Waste Heat Valorisation: Improving energy efficiency in process industries – LowUP featured in CORDIS Result Pack!

Clean technologies developed by Horizon 2020 funded projects for reducing the impact of energy intensive industrial processes are helping Europe to transform into a sustainable, competitive economy and address environmental and climate-related challenges. This Results Pack highlights eight cutting-edge EU projects that are supporting this transition.
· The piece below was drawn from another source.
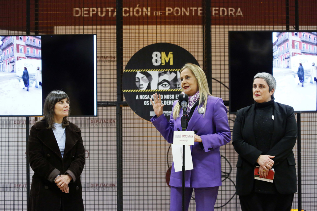 Dúas mulleres camiñan cargadas de bolsas da compra polas rúas de Vigo amosando o peso que levan nas súas costas todas as mulleres pero os seus gritos de auxilio non son escoitados. Outras dúas mulleres amosan mentres tanto a súa memoria e a súa loita pola igualdade a través das imaxes, esculturas e instalacións nas salas que levan o nome doutras pioneiras, Rosalía de Castro e Maruja Mallo. As catro creadoras, Andrea Mosquera, María Roja, Puri Díaz e Ofelia Cardo protagonizaron hoxe as accións artísticas coas que a Deputación “alenta” a loita pola igualdade neste 8M en Vigo. “Temos dereitos, temos voz e reclamamos o noso espazo. Hoxe vivimos a maxia que xera o feminismo nun acto de berro, cultura e sororidade”, destacou a presidenta provincial Carmela Silva.

Energy represents up to 20 % of the total production costs for energy intensive industries in Europe, and even more for some industrial sectors. However, despite considerable technical progresses in reducing energy consumption, a significant amount of the input energy is still lost in the form of waste heat. Excess heat from certain processes can be a valuable resource for other processes within the industry and even for other industries or users, directly or after intermediate transformation steps. Industrial waste heat recovery potential is still untapped due to a number of technical and non-technical barriers. Among them, the need for efficient and cost-effective technologies to recover heat losses and to re-use, upgrade or transform this heat for its valorisation. Improved energy efficiency in industrial processes can lead to substantial primary energy savings, decarbonisation of the energy supply and subsequent reduction of CO2 emissions. The reduction in energy cost will also enable greater competitiveness.

A more sustainable future

The projects presented below have developed and demonstrated innovative methods, solutions, technologies and operational practices to improve energy efficiency in industry, with a focus on the recovery and valorisation of waste heat from industrial processes. These include heat recovery and storage, heat upgrading and heat to power conversion in different sectors. Many of the potential solutions for recovering unused heat are adaptable to various types of processes and can be replicated across several industrial sectors. These initiatives support The European Strategic Energy Technology Plan (SET Plan), a key stepping-stone towards a climate neutral energy system through the development of low-carbon technologies, and the SPIRE public-private partnership roadmap.

EU research highlighted

In this CORDIS Results Pack we focus on the innovative results developed by Horizon 2020-funded projects working to re-use waste heat from process industry. For example, TASIO created a new generation of direct heat exchange technology for commercial ORC (Organic Rankine Cycle) systems in the cement, glass, steelmaking and petrochemical industries, but equally useful elsewhere. SUSPIRE developed novel highly efficient heat exchangers and thermal energy storage technology for reuse or commercialisation of waste heat, including the use of the ground itself for storage. Meanwhile VULKANO focused on thermal energy storage technology based on phase change materials that can recover and store high-temperature heat. I-ThERM designed innovative plug-and-play heat recovery and conversion to power solutions with potential across a wide temperature spectrum, including the novel supercritical CO2 cycle. In some processes, waste energy is of low quality and it is not practical or economical to recover it with current technologies, so Indus3Es developed an innovative Absorption Heat Transformer that focused on low temperature heat recovery (below 130ºC). Also, LOWUP demonstrated innovative heat pump technology that captures and re-uses low-grade energy. DREAM pioneered the design of heat pipe heat exchangers to recapture the energy lost from kilns and transfer it to another point in the production chain. Finally, Smartrec designed a modular system for recovery and management of heat from corrosive, contaminated and intermittent exhaust streams, also based on heat pipe heat exchanger technology and dual media thermocline storage.